One-Step Diffusion Distillation via Deep Equilibrium Models
This work addresses the challenge of accelerating diffusion models for practical generative applications, offering a simple and effective solution for researchers and practitioners in AI and computer vision.
The paper tackles the problem of slow sampling in diffusion models by introducing a one-step distillation method using a Deep Equilibrium model called the Generative Equilibrium Transformer (GET), achieving superior performance compared to existing one-step methods with comparable training budgets, such as matching a 5× larger ViT in FID scores.
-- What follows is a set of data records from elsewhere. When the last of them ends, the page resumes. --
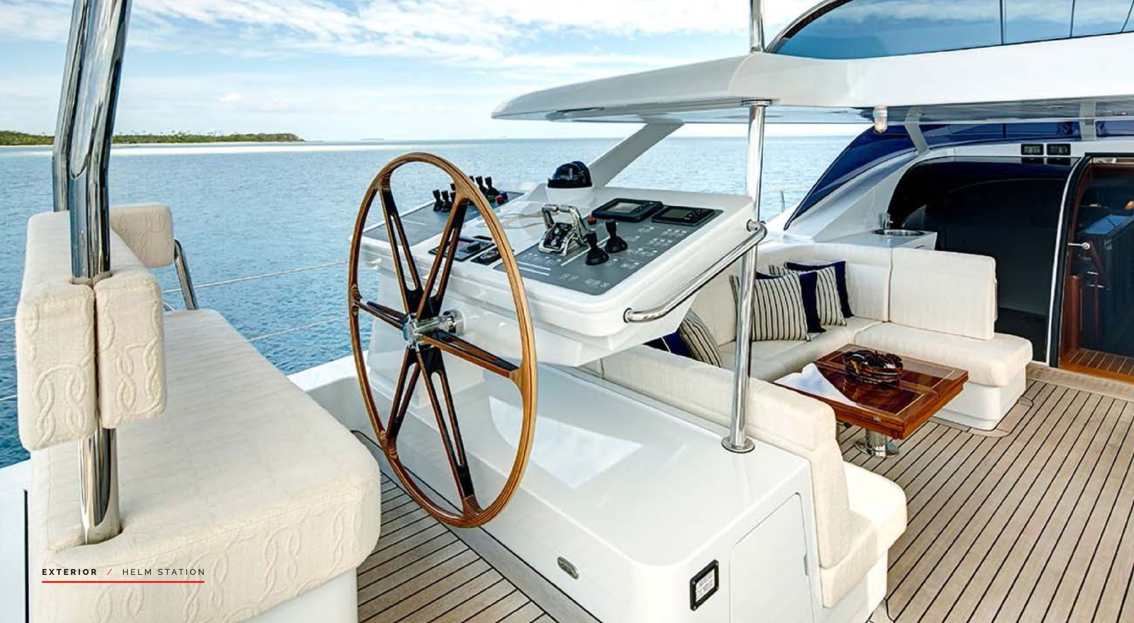
EXTERIOR / HELM STATION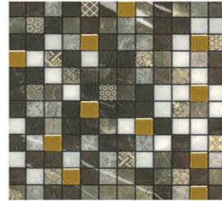
Ivory Mosaic A 30x30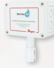
OSA (outside air)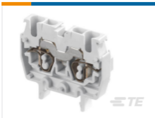
TE Part #1SNA290201R1100 DR2.5/5.2L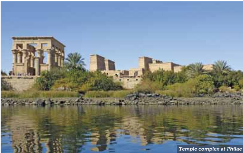
Temple complex at Philae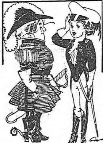
WHEN WOMEN VOTE. The Colonel—Why did you refuse that promotion? The service is better, the pay is more and the rank is higher. The Captain—I know all that but the uniform looks hideous with my complexion.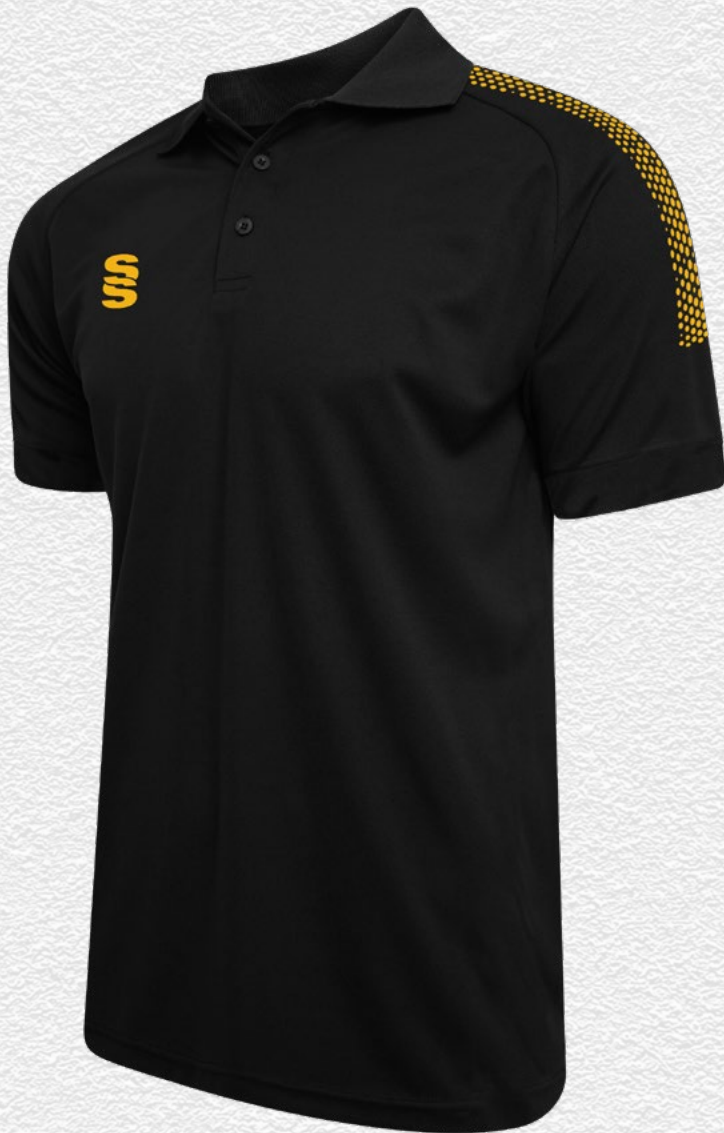
Dual Polo DU018

Diffusion models excel at producing high-quality samples but naively require hundreds of iterations, prompting multiple attempts to distill the generation process into a faster network. However, many existing approaches suffer from a variety of challenges: the process for distillation training can be complex, often requiring multiple training stages, and the resulting models perform poorly when utilized in single-step generative applications. In this paper, we introduce a simple yet effective means of distilling diffusion models directly from initial noise to the resulting image. Of particular importance to our approach is to leverage a new Deep Equilibrium (DEQ) model as the distilled architecture: the Generative Equilibrium Transformer (GET). Our method enables fully offline training with just noise/image pairs from the diffusion model while achieving superior performance compared to existing one-step methods on comparable training budgets. We demonstrate that the DEQ architecture is crucial to this capability, as GET matches a $5\times$ larger ViT in terms of FID scores while striking a critical balance of computational cost and image quality. Code, checkpoints, and datasets are available.